Avis en a été donné aux avocats constitués qui ne s’y sont pas opposés.
Caroline ROSIO, Vice-Présidente, statuant en juge unique,
assistée de [K] PILATI, greffière, lors des débats et de Sylvie CAVALIE , greffière, lors de la mise à disposition
DÉBATS
A l’audience publique du 01 Avril 2025, avis a été donné aux avocats que le jugement serait rendu le 12 juin 2025 par mise à disposition au greffe.
JUGEMENT
Prononcé publiquement par mise à disposition au greffe
Contradictoire
En premier ressort
FAITS ET PROCÉDURE
Par acte notarié du 28 novembre 2022, Madame [K] [Z] [V] [W], Monsieur [E] [F] [I], Monsieur [S] [P] [D] [C] [I], Monsieur [D], [C] [I] et Madame [T] [L] [K] [N] [G] (ci-après désignés les consorts [I]) ont unilatéralement promis de vendre au prix de 635.000 euros le lot 81 correspondant à un appartement dans un ensemble immobilier sis [Adresse 3] à [Localité 15] à Madame [Y] [O] et Monsieur [J] [X] (ci-après désignés les époux [X]) qui ont accepté sous condition suspensive d’obtention d’au moins une offre de prêt d’un montant maximum de 515.000 euros remboursable en 20 ans maximum au taux maximal de 2,50 % l’an au plus tard le 31 janvier 2023. L’indemnité d’immobilisation a été fixée à 63.500 euros et l’expiration du délai d’option au 03 mars 2023. Les époux [X] s’obligeaient à verser en séquestre une somme de 31.750 euros entre les mains de [R] [A], comptable en l’étude de Maître [H], notaire rédacteur de l’acte, au plus tard dans les dix jours de la promesse unilatérale de vente.

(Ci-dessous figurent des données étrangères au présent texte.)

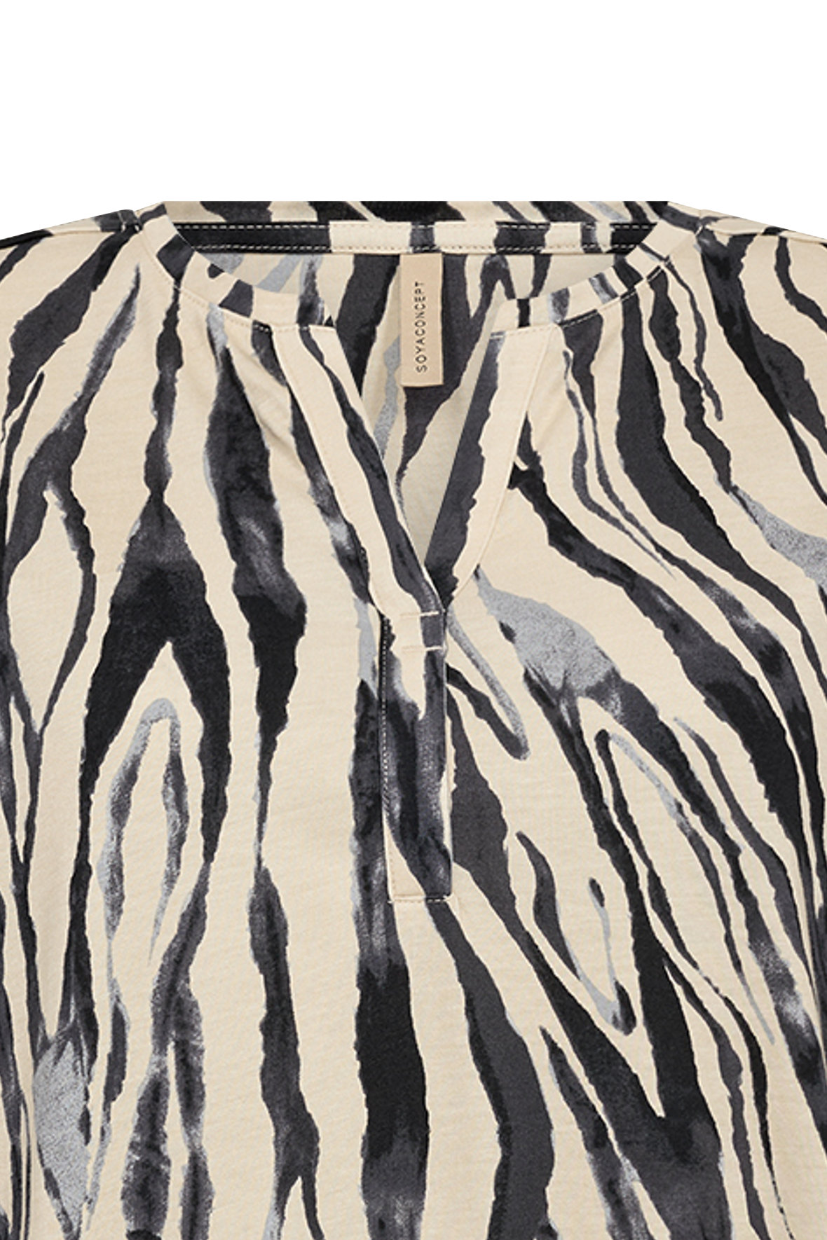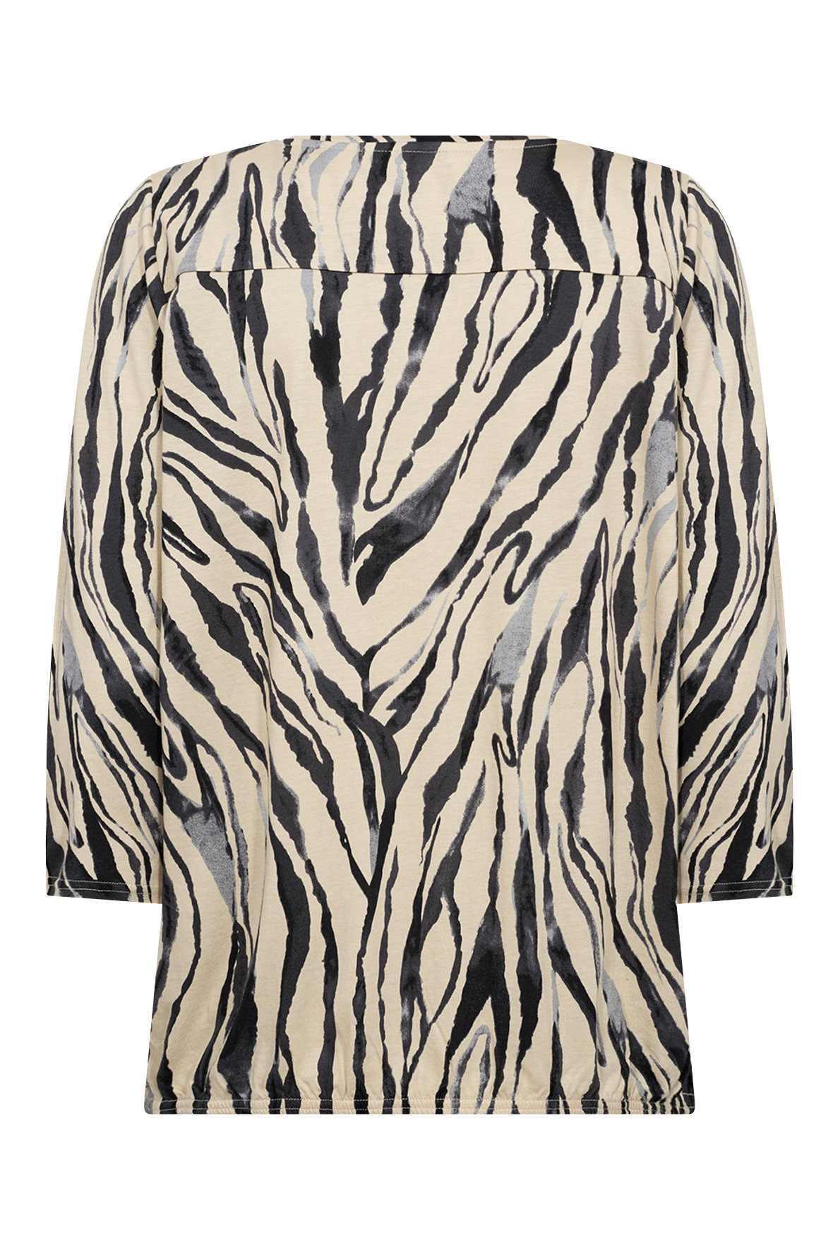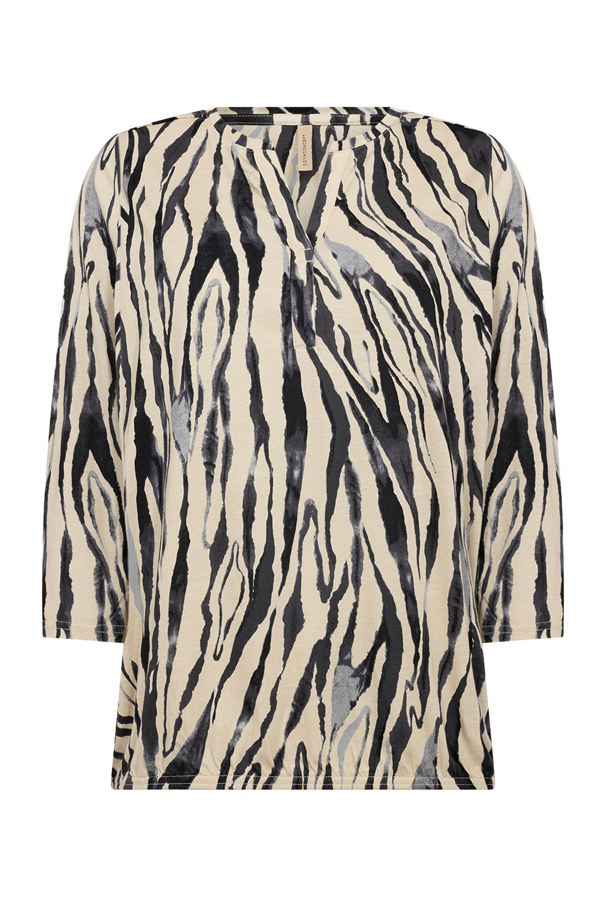 Så er du røget lige ind på den tynde SC-Felicity i Jersey. Sådan en nem lille hurtig overdel der kan så meget. Den har rund halslinje som har flot kant bånd, er med åben V-stolpe, ærmerne har 3/4 længde og giver det her friske udtryk. Ved hofter slutter den med at være mere løs fordi den har elastisk linning. Printet går i sort, grå, antracit (hold da op svært at stave til ;-) på beige bund, et glimrende valg til vinteren.

L’option n’a pas été levée et la somme séquestrée n’a pas été versée entre les mains du comptable de Maître [U].
Par lettre recommandée avec accusé de réception du 10 février 2023, les consorts [I] ont mis en demeure les époux [X] de leur justifier sous quinzaine de l’obtention ou de la non obtention de leur financement.
Par lettre recommandée avec accusé de réception du 23 février 2023, les époux [X] ont adressé aux consorts [I] une lettre de refus de demande de prêt immobilier d’un montant de 590.150 euros sur une durée de 240 mois émanant du LCL datée du 20 février 2023.
Par exploits des 20 octobre 2023, les consorts [I] ont assigné les époux [X] devant le tribunal de céans aux fins, au visa des articles 1103, 1104, 1231-1 et 1304-3 du code civil ainsi que des articles 696 et 700 du code de procédure civile, de :
Condamner conjointement et solidairement Madame et Monsieur [X] à payer aux consorts [I] l’intégralité de l’indemnité d’immobilisation, soit la somme de 63.500 euros, avec intérêt au taux légal à compter du 20 février 2023 ;Condamner conjointement et solidairement Madame et Monsieur [X] à payer aux consorts [I] la somme de 30.000 euros à titre d’indemnisation du préjudice subi par les consorts [I] du fait de l’absence d’exécution de la promesse unilatérale de vente par les époux [X] ;Condamner conjointement et solidairement Madame et Monsieur [X] à payer aux consorts [I] la somme de 5.000 euros par application de l’article 700 du code de procédure civile ainsi qu’aux entiers dépens ;Ordonner l’exécution provisoire de la décision à intervenir.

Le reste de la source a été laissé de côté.